The actual threat is in funding and developer support.
Most large businesses do not care about free-as-in-freedom software. They like the free-as-in-beer part, and they appreciate that the free-as-in-freedom bits can make the software more customizable. They are (mostly) happy to do sponsorships of the free-as-in-freedom projects that they use if that means their free-as-in-beer usage of the software gets improved.
But why would you care about all that when you can just generate the code you need, rather than interacting with an open source community that may or may not care about your business's interests?
Where to go from here
Although I think the moral and environmental issues with LLMs are real and problematic, given the experiments I did I am not convinced that the concept of interacting with a computer system in natural language and to use it to generate code is necessarily deficient. There are pitfalls, but they can be managed. It is possible to use such a system to create throwaway, proof-of-concept type "good enough" code bases.
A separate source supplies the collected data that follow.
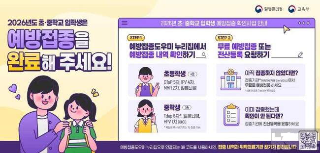 필수 예방접종 항목은 초등학교 입학생의 경우 ▲DTaP(디프테리아·파상풍·백일해) ▲IPV(소아마비) ▲MMR(홍역·유행성이하선염·풍진) ▲일본뇌염이며, 중학교 입학생은 ▲Tdap(또는 Td) ▲일본뇌염 ▲HPV(12세 여학생 대상) 이다.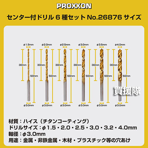 キソパワーツール センター付ドリル 6種 セットホルダー付 No.26876 【ミニルーター用 先端工具 金属 非鉄金属 DIY 工具 道具 ツール 工作 作業 穴あけ 穴 オプション アタッチメント プロクソン PROXXON】【おしゃれ おすすめ】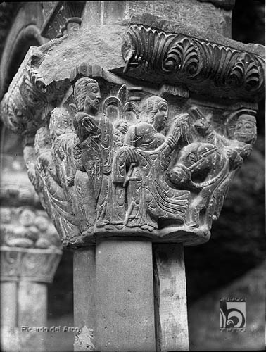 Monasterio Viejo de San Juan de la Peña. Claustro. Capitel con escena de la Entrada de Jesús en Jerusalén. Ricardo del Arco y Garay. Botaya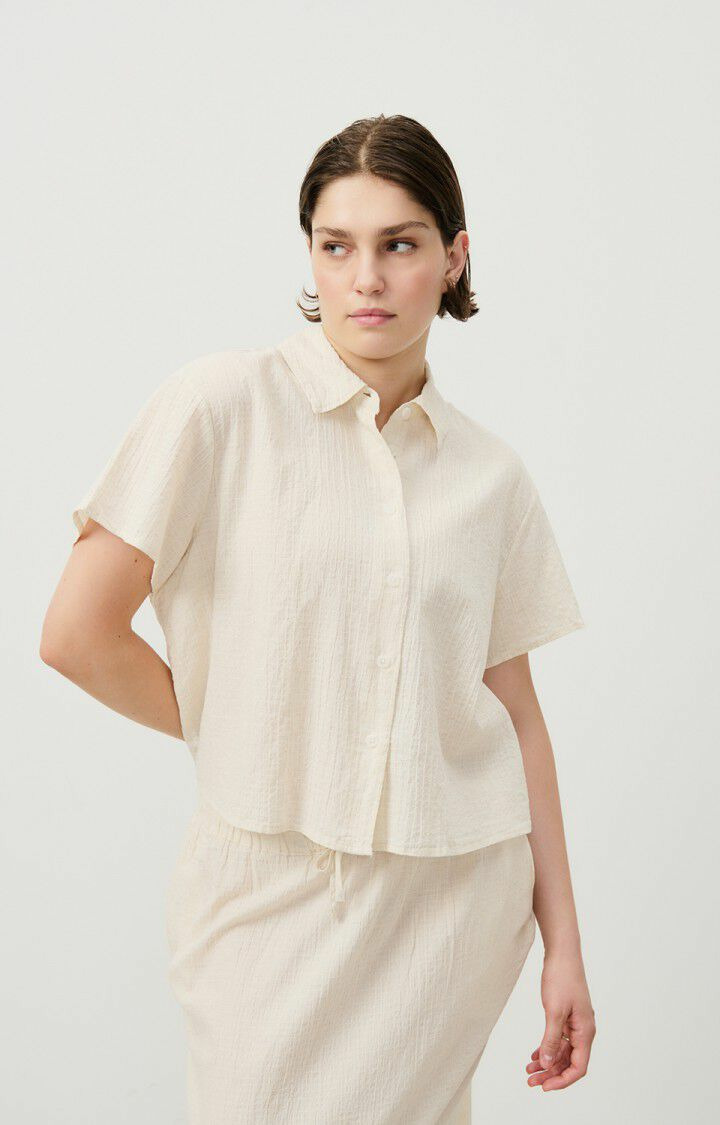 Réponse. La chemise Ylyvow présente une coupe fluide et légèrement ajustée pour un confort optimal.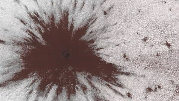 بین جولای و سپتامبر ۲۰۱۹، جسمی فضایی که احتمالاً شهابسنگ یا بخشی از دنبالهدار بود، با پوشش یخی جنوبی مریخ برخورد کرد و با سوراخ کردن لایهای نازک از پوشش یخی، باعث انتشار خاک سرخ از گودالی شد. نتیجه این اتفاق به وجود آمدن ترشحی سرخ و بزرگ بود که به برخورد شخصیتهای کارتونی به دیوار شباهت داشت. دوربین بزرگ HiRISE (ابزار علمی تصویربرداری با وضوح چشمگیر) روی مدارپیمای اکتشافی مریخ (MRO) این ترشح را ثبت کرد که عرض آن به یک کیلومتر میرسد. این ترشح خطای دید نبود و کاملاً ثابت شد.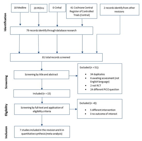 We searched the Medline, PEDro, Cochrane Central Register of Controlled Trials, and CINAHL databases up to May 2020. In Appendix A we reported the Medline full search strategy, adapted for all other databases. We also hand-searched bibliographies of the relevant studies, systematic reviews, the register of randomized controlled trials (RCTs; e.g., clinicaltrials.gov), and groups of interest. Study selection was carried out by two independent authors and disagreements were solved by a third author.

It can be used to interpret code bases and to understand bug reports.
I believe that the major issue with LLMs has to do with that saying about hammers and nails:
If all you have is a hammer, then everything looks like a nail.
LLMs are an outgrowth of machine learning, pushed by large corporations. These large corporations have a lot of money. If all you have is money, then every problem can be fixed by throwing more money at it. The initial language models were promising but not (yet) good enough, and it seemed that one way in which they could be improved was to increase the scale of the statistics: throw more hardware (and thus money) at it, and rather than improving the efficiency of the models, just scale up.
Scaling up is something that megacorporations are very good at. It's only a money problem, after all. Does that mean that "scaling up" is the only way to improve the models, though? I'm not convinced.
Some hardware, such as most modern Apple and Samsung devices, ship with accelerator hardware for machine learning algorithms. There are some models that are small enough to be able to run on these devices. I don't see why it should not be possible to create a small(er) language model that can do some useful part of the above-described use cases; if not locally, then at least on a server that one can run on-prem rather than requiring that you pay rent to one of the LLM companies.
The Software Freedom Conservancy has published an aspirational statement on machine learning-assisted programming that, I think, gets a lot right. It's not quite a definition, but it's something to keep in mind.
Perhaps that's the way forward?
More questions than answers at this point, anyway.